YOUR INSTRUCTIONS: Starting at the line that contains "Target Darts have" and ending at the line that contains "The kind of", the lines below are to be given again exactly, with nothing added.

DATA SHOWN:

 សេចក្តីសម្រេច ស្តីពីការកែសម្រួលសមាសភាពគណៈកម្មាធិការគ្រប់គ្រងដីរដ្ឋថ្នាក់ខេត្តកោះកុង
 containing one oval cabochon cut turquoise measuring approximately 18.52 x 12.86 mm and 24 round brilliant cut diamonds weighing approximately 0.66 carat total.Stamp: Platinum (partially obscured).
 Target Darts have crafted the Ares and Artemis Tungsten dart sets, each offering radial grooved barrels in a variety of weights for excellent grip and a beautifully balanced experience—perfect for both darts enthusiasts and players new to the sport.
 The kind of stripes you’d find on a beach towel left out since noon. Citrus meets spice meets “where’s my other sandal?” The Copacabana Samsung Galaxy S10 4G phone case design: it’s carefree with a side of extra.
==
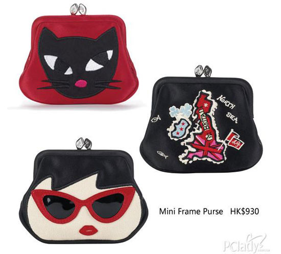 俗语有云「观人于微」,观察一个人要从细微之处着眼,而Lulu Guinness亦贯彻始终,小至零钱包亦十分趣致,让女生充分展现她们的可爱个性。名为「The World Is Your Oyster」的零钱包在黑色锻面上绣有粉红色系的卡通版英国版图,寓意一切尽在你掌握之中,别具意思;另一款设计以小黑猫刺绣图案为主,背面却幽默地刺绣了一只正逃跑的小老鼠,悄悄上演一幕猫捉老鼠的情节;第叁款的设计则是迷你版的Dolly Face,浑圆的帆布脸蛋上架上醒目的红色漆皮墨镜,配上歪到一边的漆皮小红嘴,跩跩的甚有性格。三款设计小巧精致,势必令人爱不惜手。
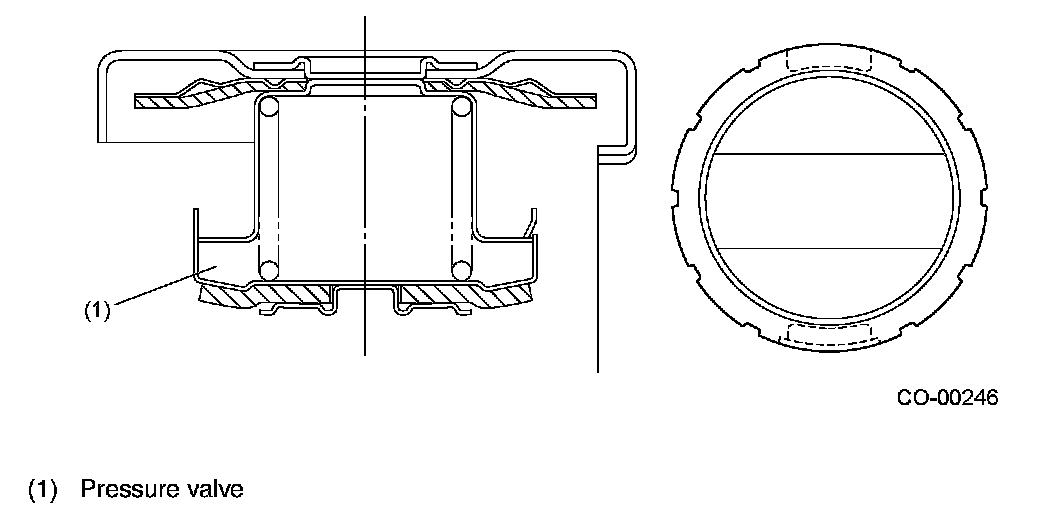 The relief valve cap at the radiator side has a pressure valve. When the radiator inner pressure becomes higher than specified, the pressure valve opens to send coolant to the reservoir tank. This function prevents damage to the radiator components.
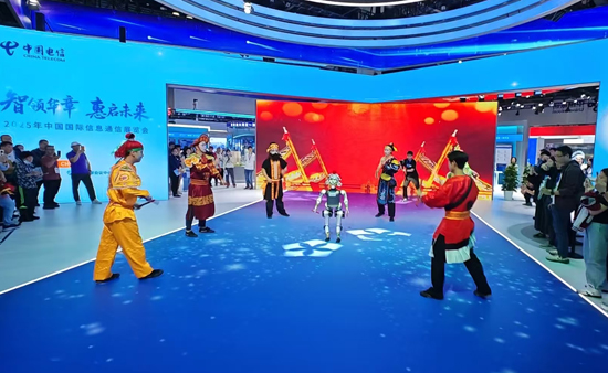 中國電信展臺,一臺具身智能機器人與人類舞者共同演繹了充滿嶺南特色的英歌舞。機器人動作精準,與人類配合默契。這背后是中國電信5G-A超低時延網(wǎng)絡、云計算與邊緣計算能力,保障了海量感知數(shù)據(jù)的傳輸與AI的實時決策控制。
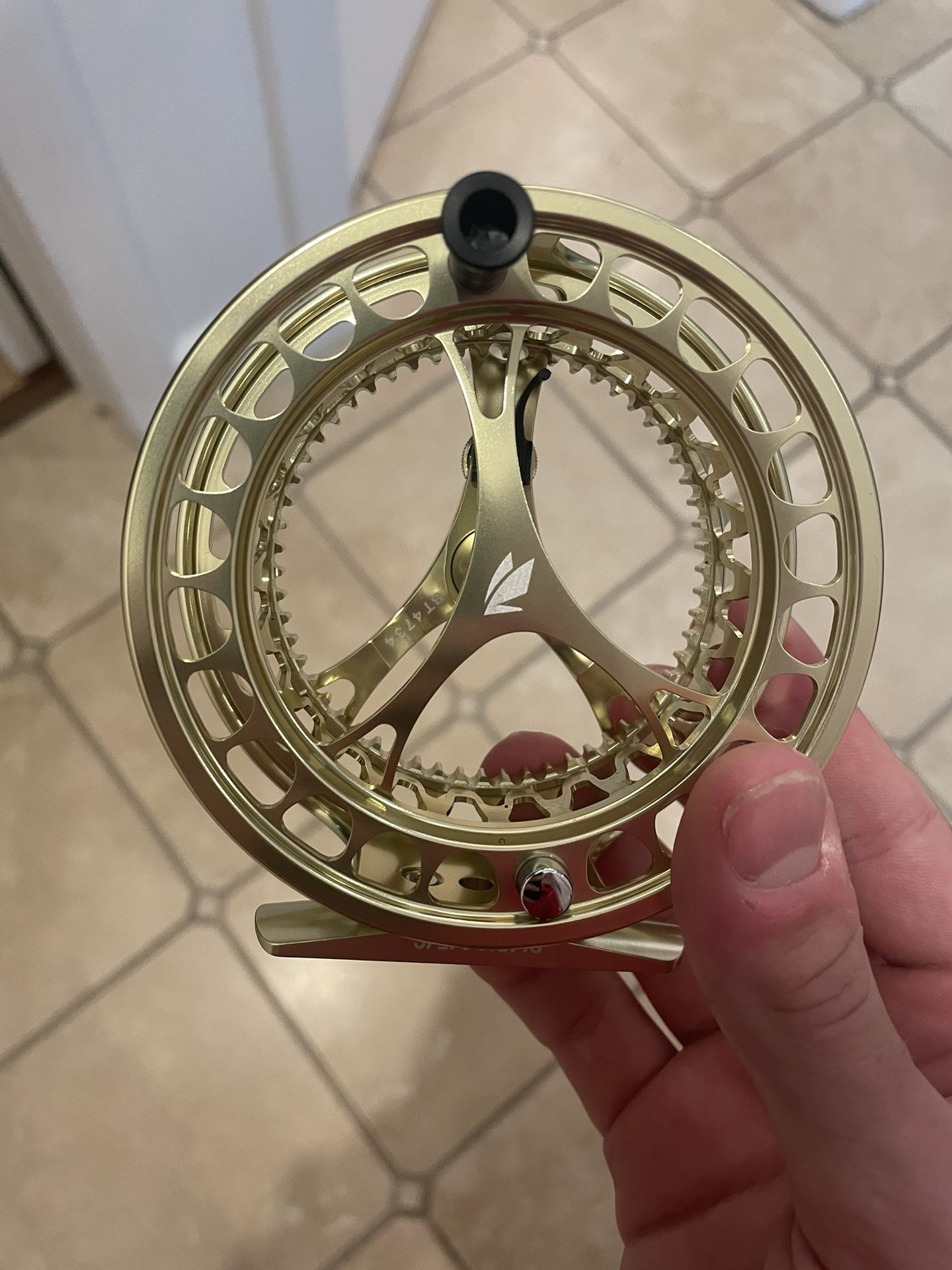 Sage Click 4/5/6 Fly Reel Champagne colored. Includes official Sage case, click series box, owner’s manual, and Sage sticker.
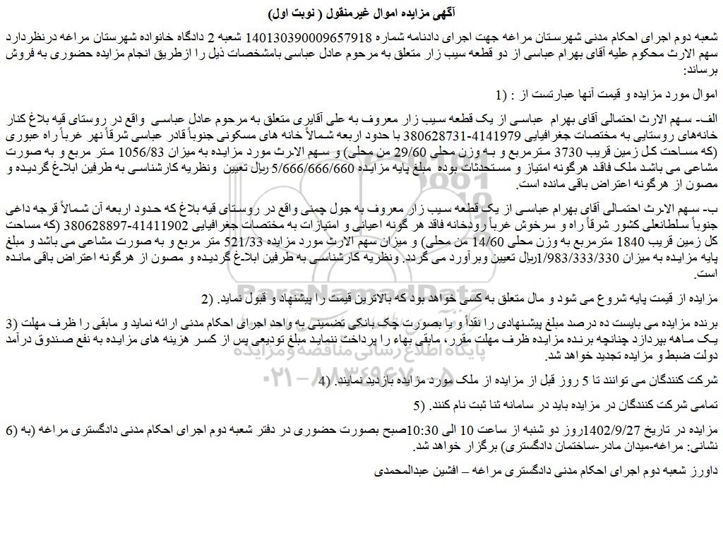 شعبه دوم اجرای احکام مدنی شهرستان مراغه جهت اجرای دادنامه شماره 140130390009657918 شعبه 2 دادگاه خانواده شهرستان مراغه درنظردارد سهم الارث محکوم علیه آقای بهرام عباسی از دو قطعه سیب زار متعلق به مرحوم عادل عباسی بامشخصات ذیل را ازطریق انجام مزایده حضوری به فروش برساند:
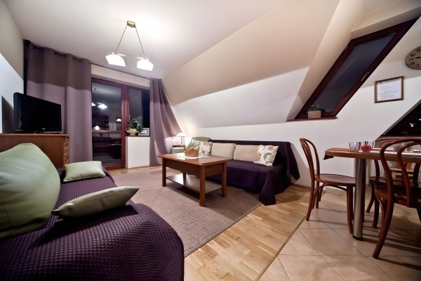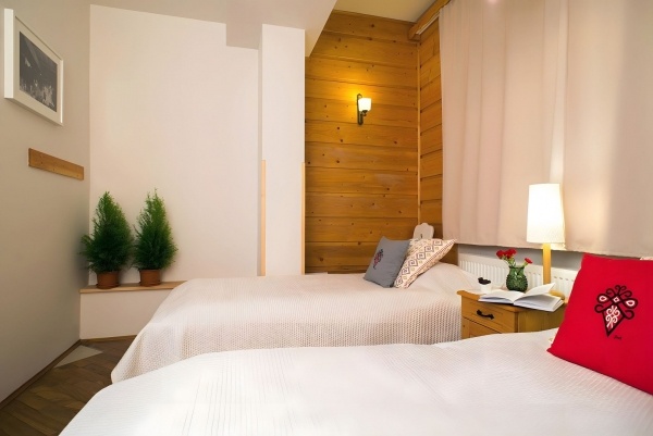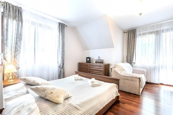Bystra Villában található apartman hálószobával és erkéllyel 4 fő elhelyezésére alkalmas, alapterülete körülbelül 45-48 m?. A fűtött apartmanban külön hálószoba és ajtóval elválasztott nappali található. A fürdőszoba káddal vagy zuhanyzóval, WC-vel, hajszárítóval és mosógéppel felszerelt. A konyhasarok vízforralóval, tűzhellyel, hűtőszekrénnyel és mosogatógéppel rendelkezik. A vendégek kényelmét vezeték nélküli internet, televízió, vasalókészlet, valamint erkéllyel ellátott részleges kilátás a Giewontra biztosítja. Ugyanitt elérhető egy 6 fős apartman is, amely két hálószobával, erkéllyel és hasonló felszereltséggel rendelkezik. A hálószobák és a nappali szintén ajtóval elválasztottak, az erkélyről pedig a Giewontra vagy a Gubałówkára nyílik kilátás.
==
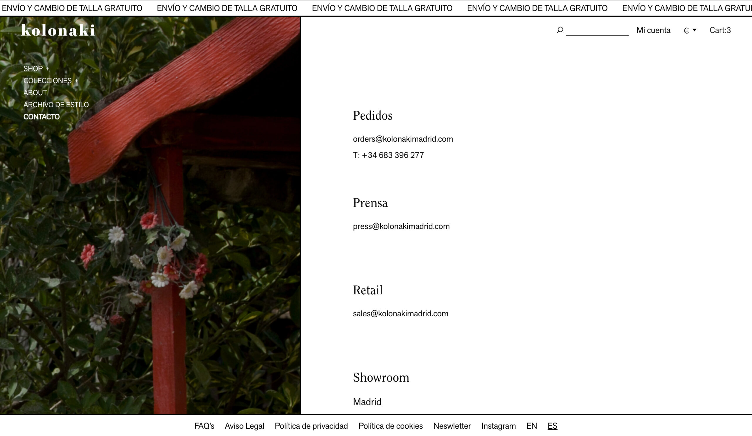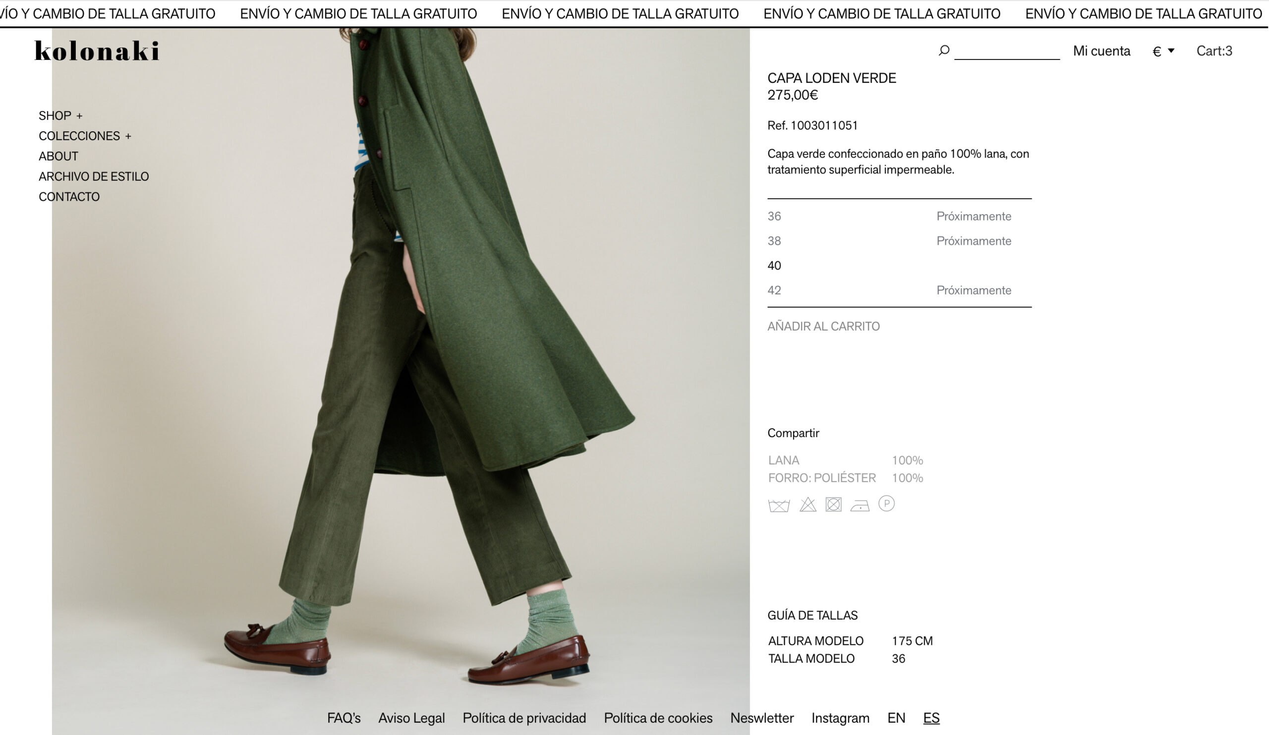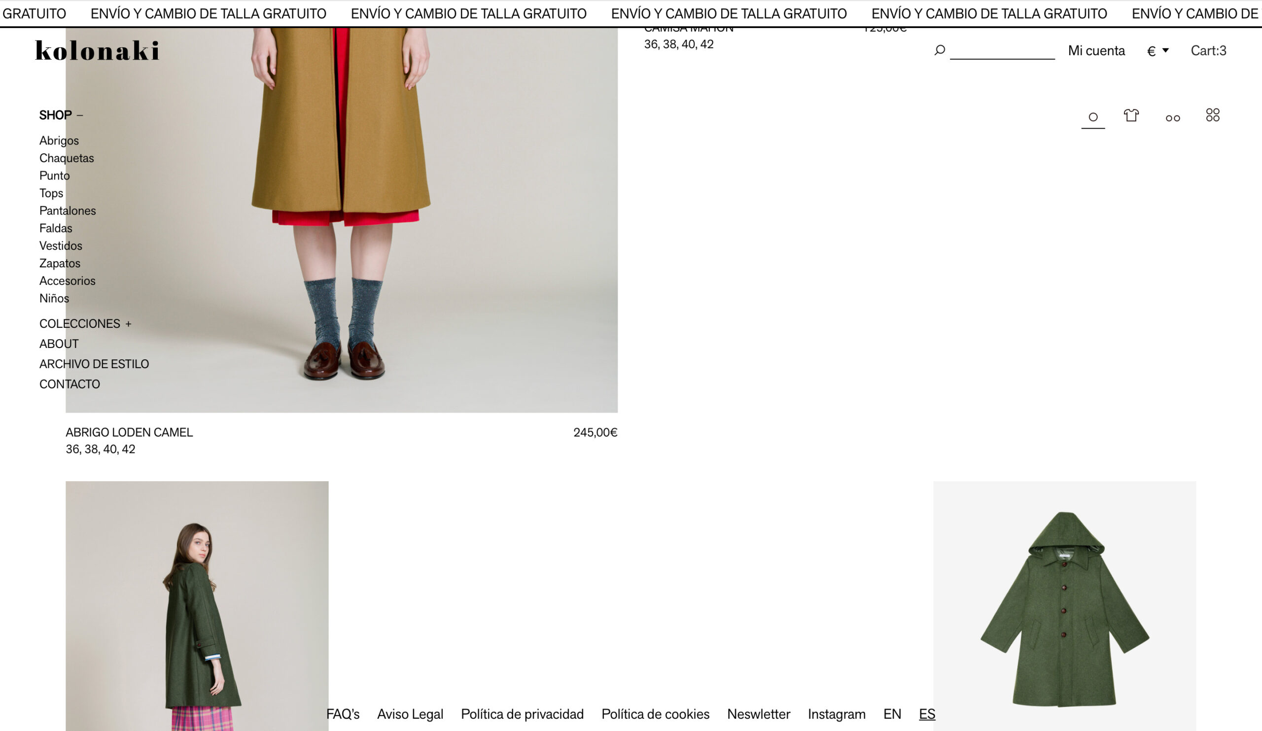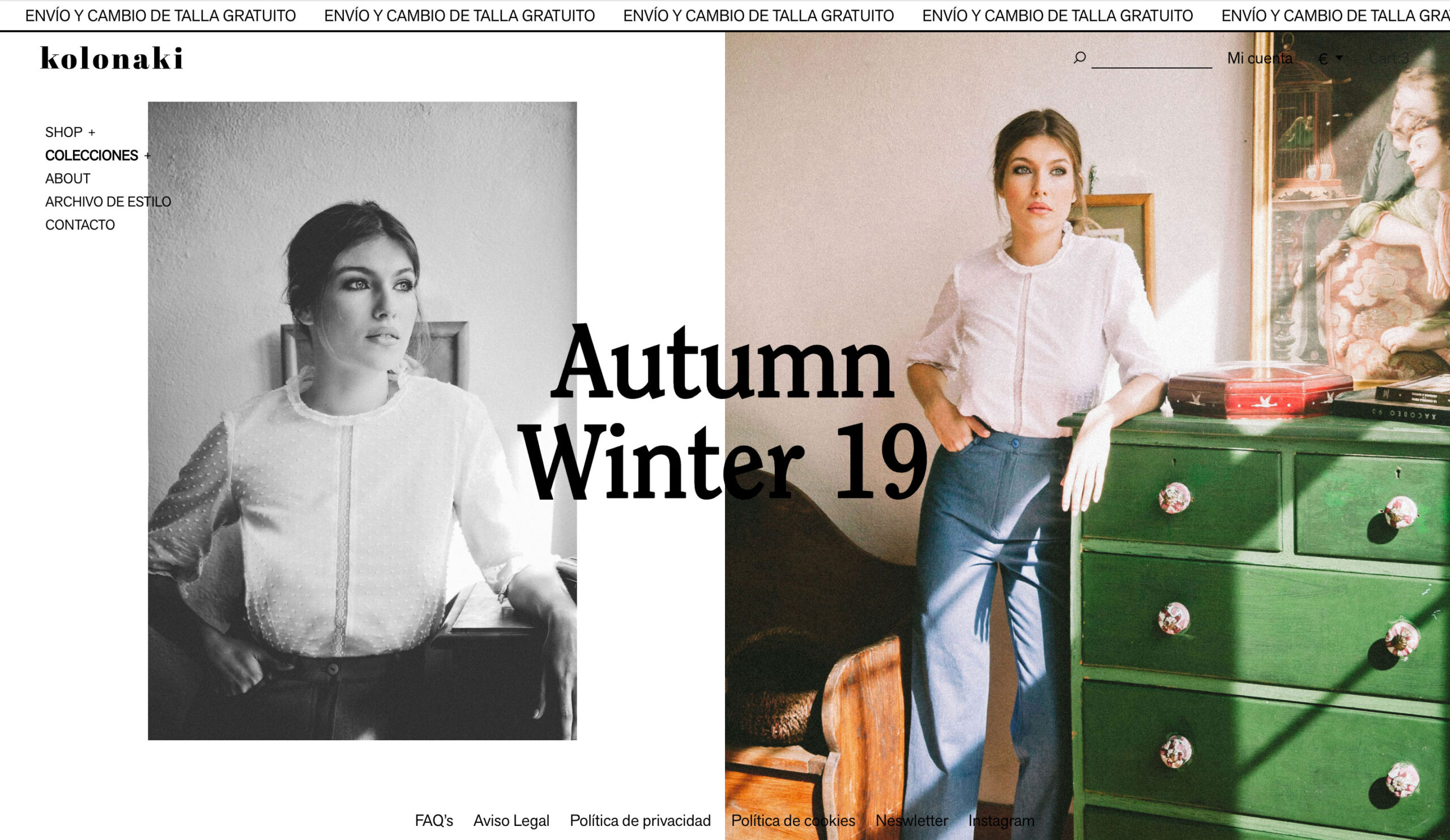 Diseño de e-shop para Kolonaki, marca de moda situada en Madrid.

OUTPUT BELOW:
 Target Darts have crafted the Ares and Artemis Tungsten dart sets, each offering radial grooved barrels in a variety of weights for excellent grip and a beautifully balanced experience—perfect for both darts enthusiasts and players new to the sport.
 The kind of stripes you’d find on a beach towel left out since noon. Citrus meets spice meets “where’s my other sandal?” The Copacabana Samsung Galaxy S10 4G phone case design: it’s carefree with a side of extra.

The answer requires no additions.